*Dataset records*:
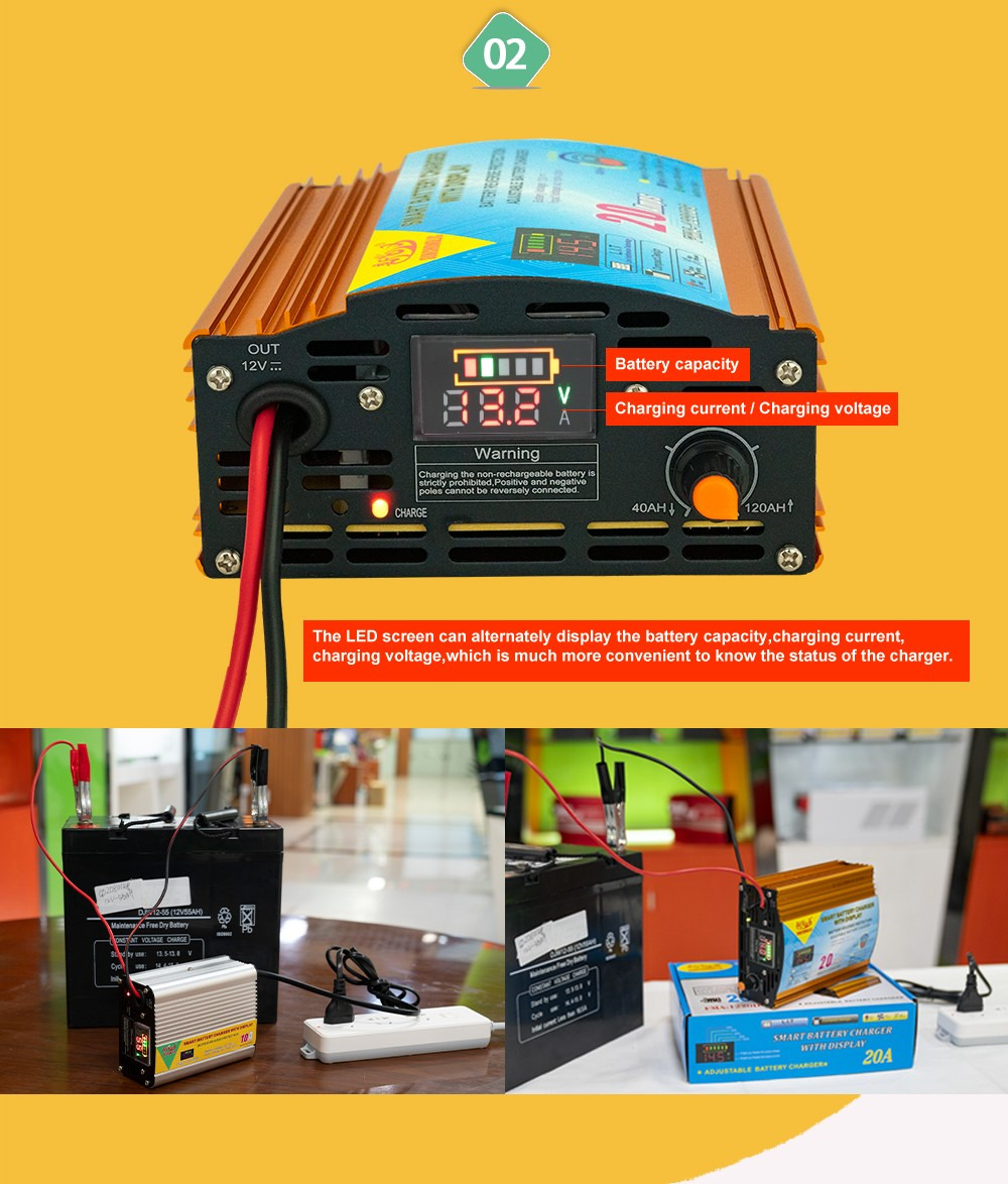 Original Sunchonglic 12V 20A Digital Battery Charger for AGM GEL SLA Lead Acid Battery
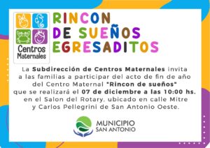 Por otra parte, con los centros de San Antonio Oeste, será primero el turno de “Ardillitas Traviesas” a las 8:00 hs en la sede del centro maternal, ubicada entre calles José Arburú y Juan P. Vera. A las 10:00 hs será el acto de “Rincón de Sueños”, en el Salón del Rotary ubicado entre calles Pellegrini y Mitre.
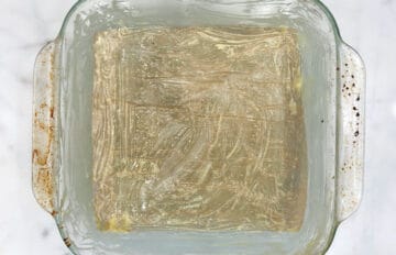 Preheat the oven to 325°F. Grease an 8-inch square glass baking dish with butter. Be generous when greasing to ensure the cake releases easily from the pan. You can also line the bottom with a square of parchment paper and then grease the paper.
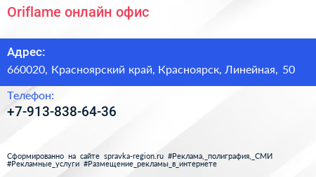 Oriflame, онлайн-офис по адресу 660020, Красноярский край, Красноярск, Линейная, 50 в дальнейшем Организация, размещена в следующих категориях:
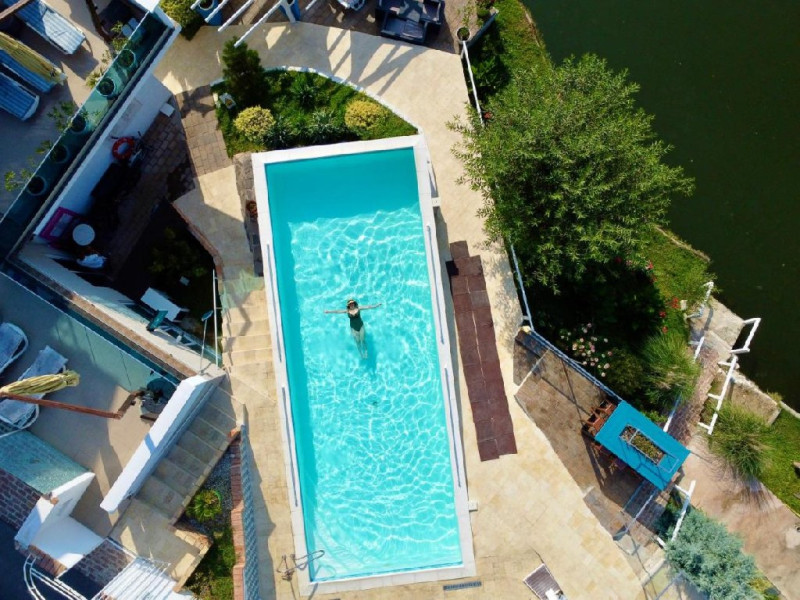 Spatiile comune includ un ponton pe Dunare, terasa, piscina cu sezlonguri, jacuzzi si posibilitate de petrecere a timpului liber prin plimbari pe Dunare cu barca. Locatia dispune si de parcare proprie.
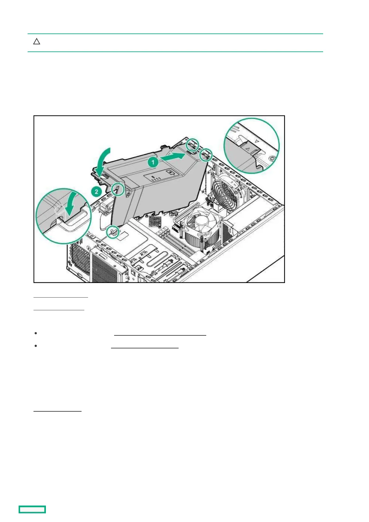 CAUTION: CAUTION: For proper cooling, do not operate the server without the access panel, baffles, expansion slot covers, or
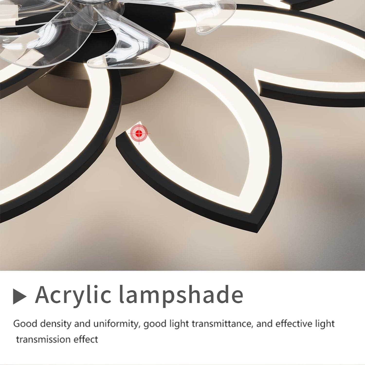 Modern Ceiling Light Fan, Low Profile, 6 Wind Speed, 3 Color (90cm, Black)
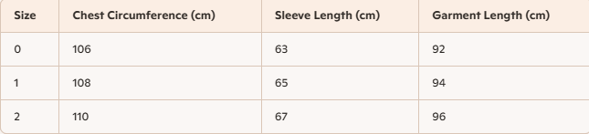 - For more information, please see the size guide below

*Work item*: Beginning with the line that contains "Preheat the oven" and ending with the final line of the entries, every line must be copied exactly; the pictures must not.

*Expected output*:
 Preheat the oven to 325°F. Grease an 8-inch square glass baking dish with butter. Be generous when greasing to ensure the cake releases easily from the pan. You can also line the bottom with a square of parchment paper and then grease the paper.
 Oriflame, онлайн-офис по адресу 660020, Красноярский край, Красноярск, Линейная, 50 в дальнейшем Организация, размещена в следующих категориях:
 Spatiile comune includ un ponton pe Dunare, terasa, piscina cu sezlonguri, jacuzzi si posibilitate de petrecere a timpului liber prin plimbari pe Dunare cu barca. Locatia dispune si de parcare proprie.
 CAUTION: CAUTION: For proper cooling, do not operate the server without the access panel, baffles, expansion slot covers, or
 Modern Ceiling Light Fan, Low Profile, 6 Wind Speed, 3 Color (90cm, Black)
 - For more information, please see the size guide below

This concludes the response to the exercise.